Conforme vimos com relação à justificação, a maneira como Deus salva também vai na mesma linha de pensamento. 

Para os católicos romanos não há salvação fora da igreja católica, pois o sacerdote é como um mediador entre os fiéis e Deus, pois ele é capaz de mediar o perdão de pecados, sendo acrescido a isso os sacramentos. Ou seja, a graça de Deus inicia o processo , e os fiéis cooperam com essa graça através dos sacramentos, para que possam, pouco a pouco, merecer a salvação por meio de boas obras, sendo um processo que dura a vida toda. 

De acordo com a teologia protestante, a salvação vem pela graça somente e isso não vem de nós, é dom gratuito de Deus, conforme lemos em Efesios 2:8-9. Deus é o único agente definitivo que opera a salvação através da pessoa de Jesus Cristo, o qual é o único mediador entre Deus e os homens (Ef 2:5-7, Rm 3:24) capaz de perdoar nossos pecados de uma vez por todas (Hb 9:12) satisfazendo plenamente a justiça de Deus de forma eterna.

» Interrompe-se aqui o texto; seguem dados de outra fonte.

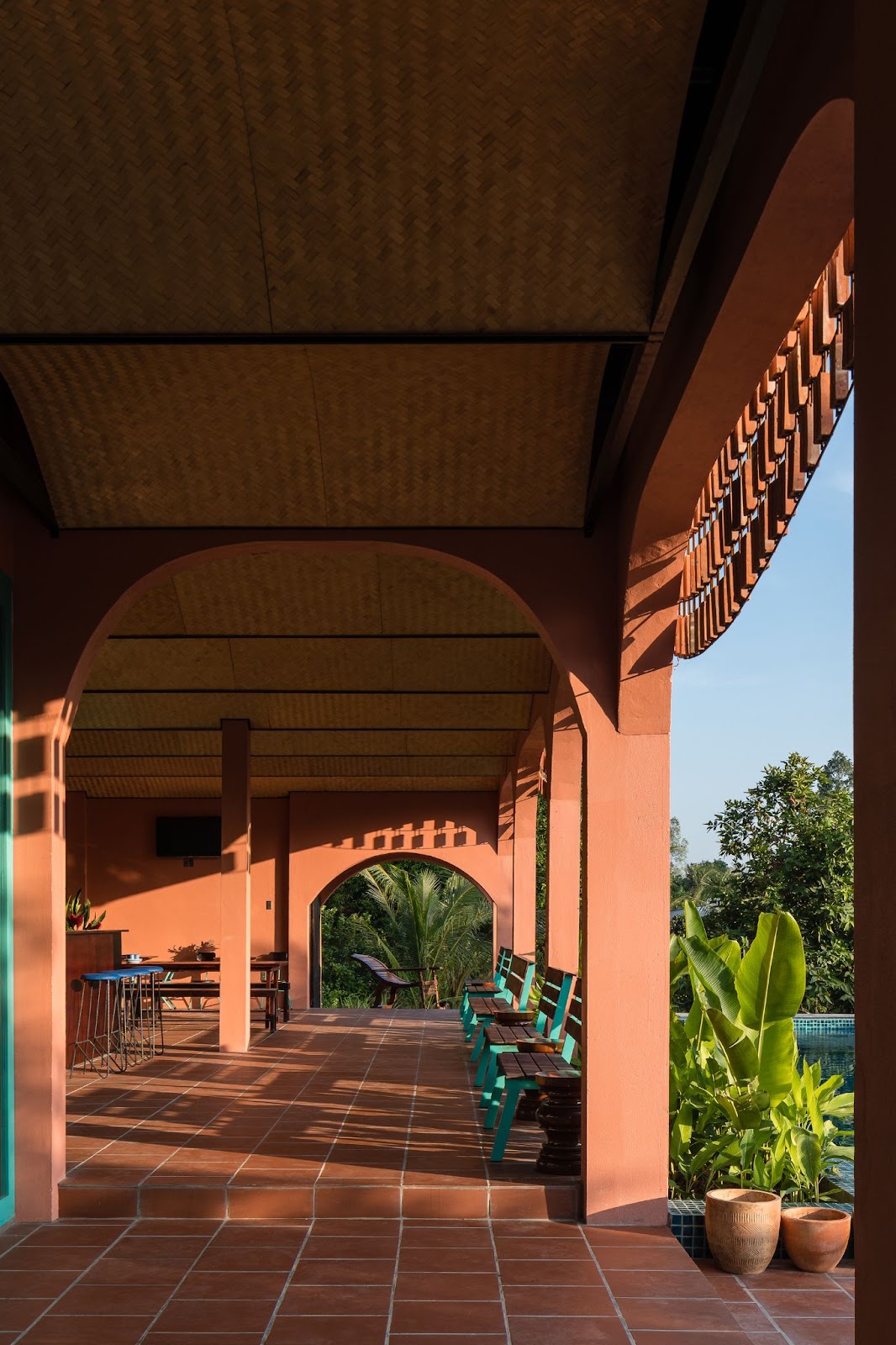 Công trình được thiết kế không phải để gây ấn tượng thị giác từ cái nhìn đầu tiên. Nó lựa chọn cách lắng xuống và hoà vào cảnh quan – nơi kiến trúc không lấn át thiên nhiên, mà là tấm phông nền cho nắng, gió và sinh hoạt đời thường lên tiếng.

Uma vez recebendo o dom gratuito de Deus, obtemos a vida eterna por meio de Cristo Jesus, nosso Senhor, nos dando a alegria e o privilégio de sermos feitos filhos de Deus.

Autoridade

Considerando que é a Sagrada Escritura que cria, molda e determina o que cremos como cristãos, os reformadores a destacaram como a única e suficiente fonte de fé e prática. “Sola Scriptura” foi a expressão usada na Reforma Protestante, e significava que a igreja não poderia pregar, ensinar, ordenar ou praticar qualquer coisa contrária à Escritura, ainda que por boas razões. A única autoridade da Igreja residia na interpretação fiel da Bíblia e seu ensino.

Roma exige dos fiéis uma estrutura de autoridade que combine ilegitimamente as Escrituras com a tradição e o papado. Se tratando das Escrituras, a Bíblia católica contém sete livros a mais, os chamados livros apócrifos, os quais não estão contidos no cânon do Antigo Testamento dos livros oficiais para os protestantes, uma vez que esses livros não faziam parte da Bíblia hebraica de Jesus e dos apóstolos. 

A tradição é o ensinamento que Jesus comunicou oralmente aos seus apóstolos, que por sua vez comunicaram a seus sucessores. Vale ressaltar que os protestantes também creem na infabilidade da tradição dos apóstolos como um meio de iluminar e defender o que já foi revelado. Porém, os fiéis católicos romanos creem em um processo revelatório pós-apostólico e evolutivo, para revelar novas verdades, usando de sua própria autoridade como suporte de suas declarações. É basicamente uma “fé na autoridade” com respeito a todos os dogmas da igreja.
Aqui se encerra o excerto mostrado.